Private individuals initiate lawsuit in Circuit Court in Palm Beach
County to require a revote due to the confusion surrounding the county’s
butterfly ballot. At about 2 a.m., the
Palm Beach County Canvassing Board concludes its initial manual recount of 1
percent of the ballots and, over the objections of Burton, decides to proceed
with a full manual recount.
At 6:00
p.m., Jimenez, Jeb Bush’s General Counsel, calls Clay Roberts, the Director of
the Division of Elections, to see if the Secretary of State could legally issue
an advisory opinion saying that the full manual recount in Palm Beach County
was unlawful because the difference between the machine count and the manual
recount had not been due to a mechanical failure. Clay told Jimenez that the opinion would have to be requested by
a political party. Jimenez contacts Al
Cardenas, the Republican Party Chairman, to ask him to make the request, and
Cardenas faxes one to Roberts.
November 12: Palm Beach County begins manual recount. In the evening, an opinion is faxed from the Florida Division of
Elections to the Palm Bach County Canvassing Board saying that the manual
recount was not justified.
Foreseeing
the possibility that the Division of Elections might try to stop the recount in
Palm Beach County, staff in the Florida Attorney General’s Office contact an
intermediary with the Palm Beach County Canvassing Board and suggest that the
latter seek a legal opinion from the Attorney General on whether the recount is
lawful.
November 13: Counting
partly pushed chads only if at least two corners have been severed, Broward County
Canvassing Board conducts manual recount of 1 percent of ballots and votes
against a full recount after finding only a 4 vote gain for Gore, which, if
projected to 100 percent, would yield only a 400 vote gain for Gore, not enough
(at the time) to change the election outcome.
The Palm Beach County
Canvassing Board finds the fax from the Division of Elections in its fax
machine. Later that day the Board
receives a fax from the Florida Attorney General contradicting the opinion from
the Division of Elections.
U.S. District Court
rejects Bush request to stop recounts.
Volusia County sues in Florida Circuit Court to be allowed complete
manual recounts past the November 14 deadline in Florida election law. Gore and Palm Beach County Canvassing Board
are allowed to join the Volusia suit.
In her
first statement on the issue, Ms. Harris says overseas ballots have to be
“executed” on or before Election Day. They are not required “to be postmarked
on or prior to” Election Day. Democrats complain she was blurring the rules.

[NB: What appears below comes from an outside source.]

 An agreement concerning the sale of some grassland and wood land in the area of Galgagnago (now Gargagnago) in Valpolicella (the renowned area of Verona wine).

November 14: Florida Circuit Court rules that the Florida Secretary of State can
enforce the November 14 deadline for accepting returns, but cannot be arbitrary
in doing so. Canvassing Boards are told
in the ruling that they may submit amended returns at a later date, and Harris
can decide whether to accept them.
Broward and Palm Beach County Canvassing Boards return to manual
recounting. Harris faxes letter to the
counties instructing them to state their reasons, in writing, by 2 p.m.
November 15, for wanting to submit vote totals later than November 14.
After the Circuit Court
rules that late submissions are legal, the Miami-Dade Canvassing Board finally
meets to respond to Gore’s request on November 9 for a manual recount. The Board conducts a 1 percent recount, from
which Gore receives a net gain of 6 votes.

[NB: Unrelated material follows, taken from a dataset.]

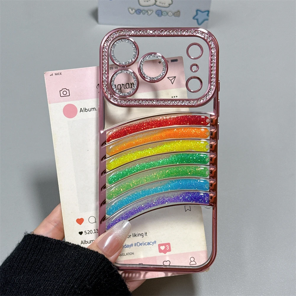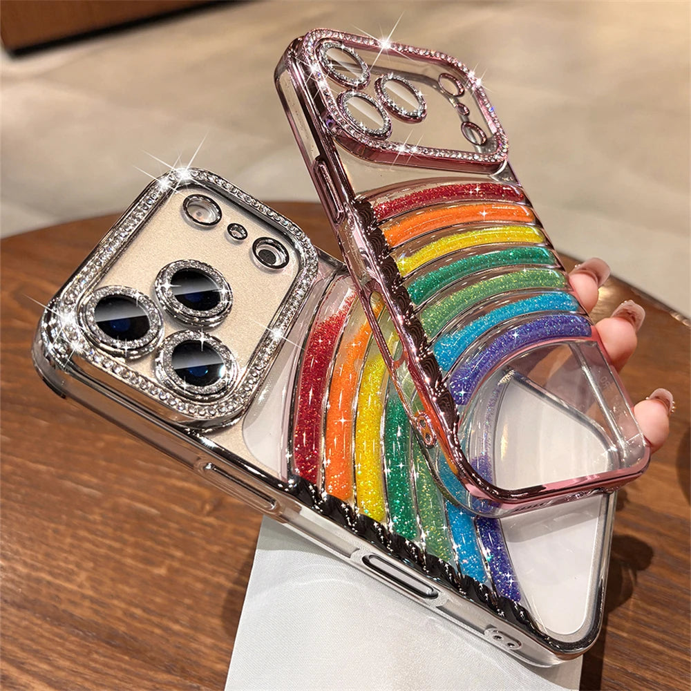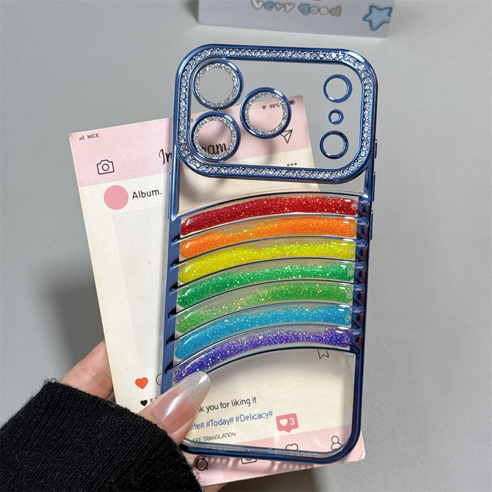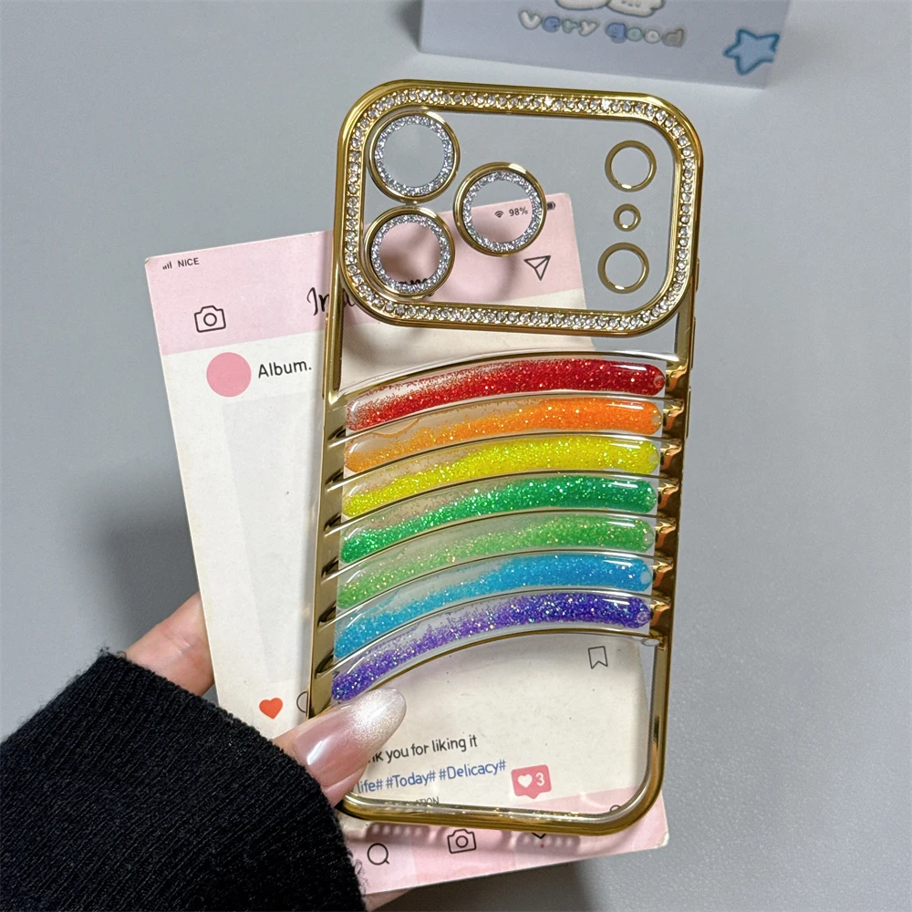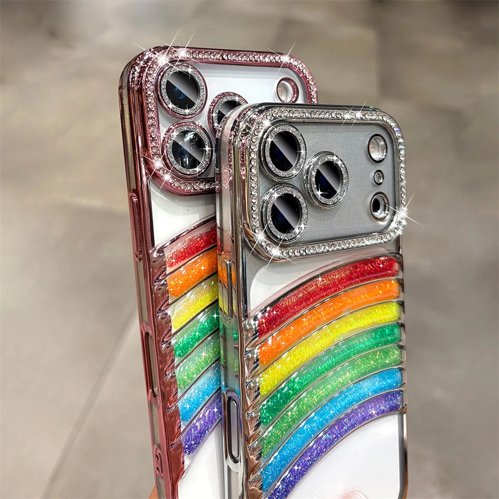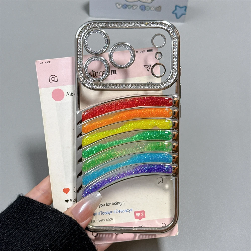 鮮やかなレインボーアーチと、縁まで輝くストーンフレームが特徴の映えケース。

The Board votes 2 to 1 against a complete manual recount on the grounds
that Gore would not gain enough votes for the election outcome to be
altered.
November 15: Volusia Canvassing Board appeals Circuit Court Ruling to the Florida’s
First District Court of Appeals.
After receiving letters
from 4 counties by the 2 p.m. deadline, Florida Secretary of State says she
rejects the reasons given by counties for late filings, says she will not
consider any subsequent returns, and announces that the election returns
received on or before November 14 will be certified on November 18, the day
after the deadline for receiving overseas absentee ballots.
In the evening, Al Gore
appears on national television and proposes that a manual recount be conducted
statewide and that he and Bush meet.
Bush appears on television soon thereafter to reject both the meeting
and the statewide recount.
Mark
Herron, a Democratic consultant, writes a legal guide for Democratic lawyers to
challenge flawed ballots, including those cast by members of the military.
November 16: Gore
files suit in Florida Circuit Court seeking to compel the Secretary to accept
amended returns.
November 17: Deadline
for receiving oversees absentee ballots.
Florida Circuit Court
refuses Gore request to compel Harris to consider late returns. Gore appeals Circuit Court ruling to
Florida’s First District Court of Appeal.
: Florida Supreme
Court, on its own initiative, uses its “pass through jurisdiction” to take up
both the Volusia and the Gore appeals.
In its order taking jurisdiction, the Court says the manual recounting
can continue and prohibits the Secretary of State from certifying the election
returns on November 18 as planned.
The U.S. Court of Appeals
for the 11th Circuit refuses to grant Bush’s appeal to stop manual
recounts in Broward and Palm Beach County.
Despite
their gains, Republicans are incensed by Democratic challenges to military
ballots and begin attacking the Democrats as unpatriotic.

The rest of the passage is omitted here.